Let’s try and mix things up, by instead adding another Linear module that is Colwise sharded. I initially did the same as before, just declaring net2 also as ColwiseParallel, expecting it to just work. But it complained that the matrix multiplication is (8x5) @ (10x10) and therefore incorrect. net1’s output is Shard(-1) and net2’s expected input is Replicate so I assumed it would do the needful redistribution. However, input_layout argument needs to be manually specified with the actual current input’s layout. As an aside, I feel this could be somehow automated instead of expecting the user to give the correct layout.

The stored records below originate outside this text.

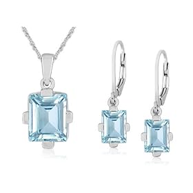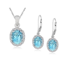 Blue Topaz Earrings and Pendant Set in Sterling Silver: Jewelry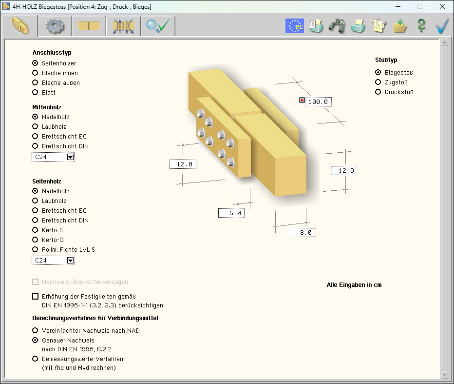 -HBST, Trägerstöße, Haupteingabefenster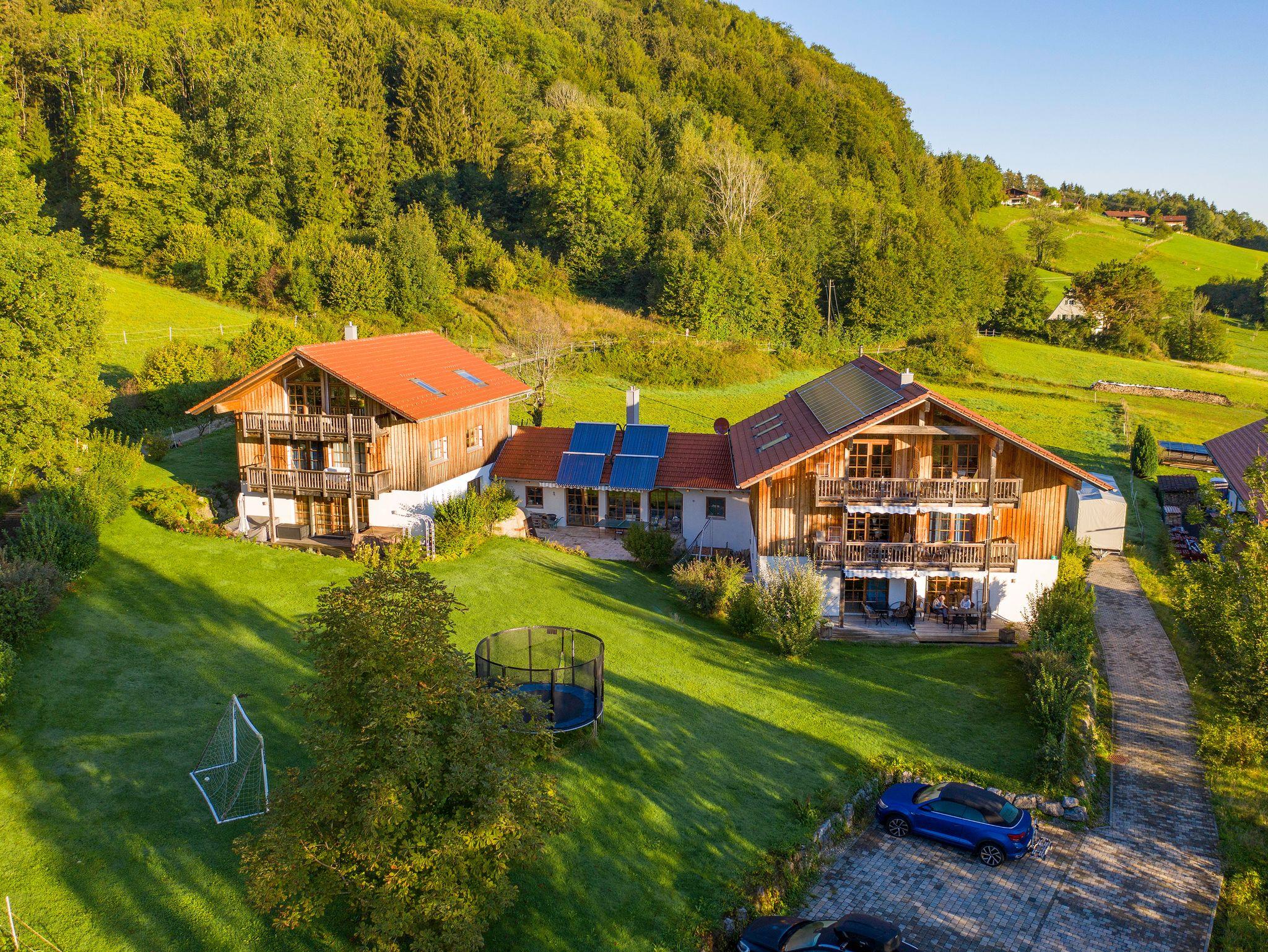 In Idyllischer, ruhiger Lage oberhalb von Aschau am Waldrand mit herrlichem Panoramablick auf die Kampenwand, liegen unsere Ferienwohnungen. Schöne Rad- und Wanderwege, sowie Langlaufloipen direkt am Haus aus. Ca. 10 Minuten Fußweg ins Zentrum und zur orthopädischen Kinderklinik. Unser ökologisches Massivholzhaus mit 6 großen (64 qm) Ferienwohnungen, qualitativ hochwertigen Naturholzmöbeln und Fußbodenheizung in der Natursteindusche. Die Ferienwohnungen verfügen über großzügige Terrassen bzw. Balkone in Südlage.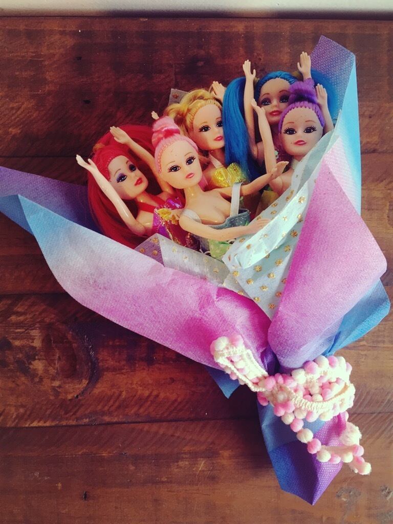 ミニサイズのお人形さん5体がブーケになったユニークなドールブーケ

model = parallelize_module(
    model,
    mesh,
    {
        "net1": ColwiseParallel(),
        "net2": ColwiseParallel(input_layouts=Shard(-1)),
    }
)
Global rank: 0, Weights array: [DTensor(local_tensor=tensor([
	[101., 102., 103., 104., 105., 106., 107., 108., 109., 110.],
	[111., 112., 113., 114., 115., 116., 117., 118., 119., 120.],
	[121., 122., 123., 124., 125., 126., 127., 128., 129., 130.],
	[131., 132., 133., 134., 135., 136., 137., 138., 139., 140.],
	[141., 142., 143., 144., 145., 146., 147., 148., 149., 150.]]), device_mesh=DeviceMesh('cpu', [0, 1]), placements=(Shard(dim=0),)), DTensor(local_tensor=tensor([
	[101., 102., 103., 104., 105., 106., 107., 108., 109., 110.],
	[111., 112., 113., 114., 115., 116., 117., 118., 119., 120.],
	[121., 122., 123., 124., 125., 126., 127., 128., 129., 130.],
	[131., 132., 133., 134., 135., 136., 137., 138., 139., 140.],
	[141., 142., 143., 144., 145., 146., 147., 148., 149., 150.]]), device_mesh=DeviceMesh('cpu', [0, 1]), placements=(Shard(dim=0),))]
# Input, output for net1
Input=== from: (Replicate(),) to: (Replicate(),)
Output=== from: (Shard(dim=1),) to: (Shard(dim=-1),)

# Input, output for net 2
Input=== from: (Shard(dim=-1),) to: (Replicate(),)
[rank0]:W1024 06:58:20.513000 46578 torch/distributed/tensor/_redistribute.py:202] redistribute from S(1) to R on mesh dim 0
Output=== from: (Shard(dim=1),) to: (Shard(dim=-1),)
  1. Both input weight shards are 5x10.
  2. net1: output and desired output are same
  3. net2: input is actually Shard(-1), while desired for ColwiseParallel is actually Replicate. So redistribute is forced.

Finally, this also explains how composability is achieved. Earlier I thought there would be an FSDP forward pass and a TP forward pass, leading to the question of which one needs to be applied. Now I understand, the forward pass is that of the Module. FSDP and TP only introduce pre-forward and post-forward hooks for doing stuff before running the Module. In case of FSDP, this would be bringing together the shards to recompose the entire module. In case of TP, it could be sharding the input to match the sharding of the module. For composing FSDP and TP, all that happens is that the pre-forward of FSDP would run, followed by the pre-forward of TP.

Misc points:

  1. parallelize_module call: takes only a 1D mesh. If the mesh is bigger, you only pass the slice needed. But what if 2D tensor parallelism (or does no such concept exist?).